[WHAT YOU ARE ASKED TO DO]
What lines of the data below hold "Nandina"? Show them.

[DATA PROVIDED]
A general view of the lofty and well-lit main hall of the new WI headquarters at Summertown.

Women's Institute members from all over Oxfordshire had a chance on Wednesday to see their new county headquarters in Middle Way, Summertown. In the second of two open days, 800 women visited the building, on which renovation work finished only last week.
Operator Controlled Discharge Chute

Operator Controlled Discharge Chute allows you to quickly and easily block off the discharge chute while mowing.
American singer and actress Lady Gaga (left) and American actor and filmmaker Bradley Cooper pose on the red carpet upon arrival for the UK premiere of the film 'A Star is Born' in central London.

--

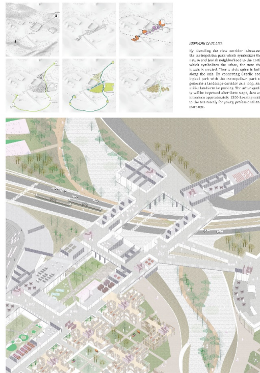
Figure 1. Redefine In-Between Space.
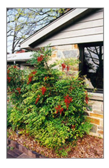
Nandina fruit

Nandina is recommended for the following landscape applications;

...

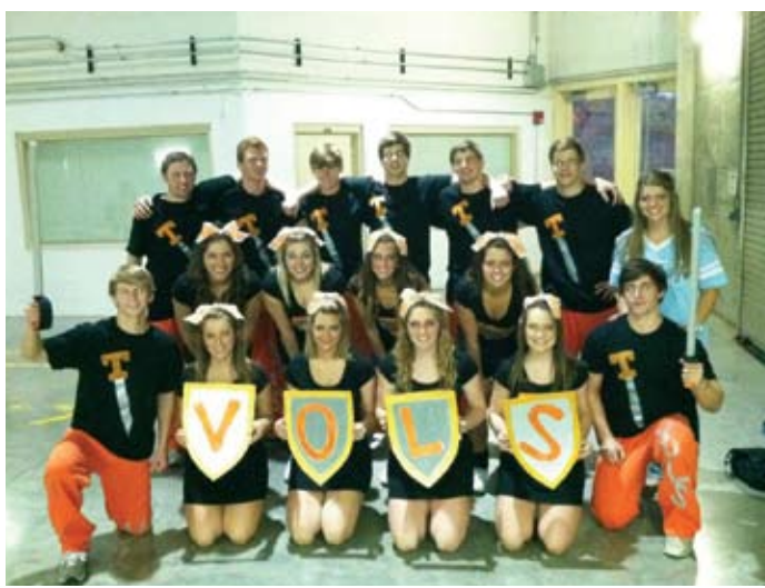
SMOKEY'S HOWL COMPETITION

[WRITTEN REPLY]
Nandina fruit
Nandina is recommended for the following landscape applications;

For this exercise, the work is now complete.